U.K. department store bellwether Marks & Spencer (M&S) is to accelerate is store closure plan and shift further towards online grocery sales after the retailer announced it had plummeted nearly $285 million into the red at its latest results.
However, performance across categories showed stark contrasts and Marks & Spencer chief executive Steve Rowe announced the “next phase in the transformation” of the 137-year-old retailer as it focuses further on online grocery.
Apparel and homeware sales nose-dived by almost a third, thanks in large part to the U.K.’s repeated store lockdowns. By contrast, food sales rose by 1.3% at established stores in the year to 3 April, though for much of the year M&S missed out on the huge shift to online grocery sales before it launched a partnership with delivery service specialist Ocado in September.
Boosted by promising signs from the new venture, M&S said that it planned to increase its capacity to sell groceries online by 50% as its products now make up more than a quarter of the average order on Ocado, which is also partner to Kroger
The group increased online sales of apparel and homewares by almost 54%, despite the acquisition of Jaeger, but that was not enough to offset the 56% slump in sales at stores, caused because most retail outlets were unable to fully operate for much of the year because of lockdowns introduced by the U.K. Government to try and control the spread of Covid-19.
M&S Pre-Tax Losses Mount
The group’s full-year pre-tax loss of $284.8 million compared with a profit of $95.1 million a year before. After accounting for one-off restructuring costs, the business made a profit of $58.9 million, but this was still down almost 90% on the previous year.
The department store chain said apparel and homeware sales had fallen by 31.5%, reflecting the "heavy impact" of lockdowns on stores.
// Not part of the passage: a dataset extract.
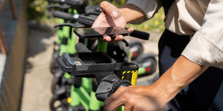 Woman's hands close up holding a phone near the modern city electric kick scooter, going to unlock it. Modern city transportation.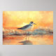 Plover Standing in Ocean Waves During Sunset Poster

M&S said of the results: "In most of this time, our operations have been severely constrained by the change in day-to-day living, the effects of social distancing and partial or full closure of large parts of our store estate. This has resulted in substantial changes to the mix of products customers have bought and a wide divergence of store formats and channels."
However, M&S said fashion and home sales had been growing since the reopening of non-essential stores on 12 April.
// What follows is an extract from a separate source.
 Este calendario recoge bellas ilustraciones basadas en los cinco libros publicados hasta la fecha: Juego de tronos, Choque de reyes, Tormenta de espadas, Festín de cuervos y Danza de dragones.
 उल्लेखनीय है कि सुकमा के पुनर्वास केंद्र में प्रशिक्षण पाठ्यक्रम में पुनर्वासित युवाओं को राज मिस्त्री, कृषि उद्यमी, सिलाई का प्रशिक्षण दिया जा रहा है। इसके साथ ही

The store chain also took encouragement from improved figures in its food division as its tie-up with online grocer Ocado began to show in its performance.
M&S said food had delivered "strong underlying like-for-like growth" of 6.9%, after adjusting for the closure of hospitality and the adverse impact on franchise sales.
Marks & Spencer chief executive Steve Rowe said: “In a year like no other we have delivered a resilient trading performance.” He said the group had fixed the basics and now had the right team in place to “accelerate change in the trading businesses and build a trajectory for future growth. We now have a clear line of sight on the path to make M&S special again. The transformation has moved to the next phase.”
He added: "In addition, by going further and faster in our transformation through the Never the Same Again programme, we moved beyond fixing the basics to forge a reshaped M&S. With the right team in place to accelerate change in the trading businesses and build a trajectory for future growth, we now have a clear line of sight on the path to make M&S special again. The transformation has moved to the next phase."
M&S Faces Retail Mix Challenges
Like many other retailers, Marks & Spencer has endured a hugely challenging 12 months because of the pandemic. But despite the headline losses there are signs in its latest results that the turmoil of the past year may have started to reshape the company into one more attuned to its customer base and the shift to online shopping.
Apparel sales have been in freefall at M&S for years, with perceptions that its assortment sits squarely in the squeezed middle, neither fashionable enough for premium buyers or cheap enough to compete with the value players.
Food is a different story. Notably, one of the new online ventures, a partnership with online delivery specialist Ocado, is proving a success. One quarter of every Ocado delivery is now M&S products, and the partnership contributed $110.4 million of profit.
Rowe said M&S would be accelerate its plan to close outdated stores to form a chain of 180 main sites around the country, down from its 254 outlets at present. The retailer said it would permanently move out of about 30 locations over the next 10 years, and a further 110 large stores would become food-only, while several stores would be combined into one. Some sites will also be redeveloped into residential.
About 17 new or expanded full-line stores will open over the next two years, including in a number of former Debenhams sites, vacated since the rival department store group went bankrupt.
M&S has already closed 59 full-line stores, 16 food stores and eight discount outlets. It has previously said it would close just over 100 stores.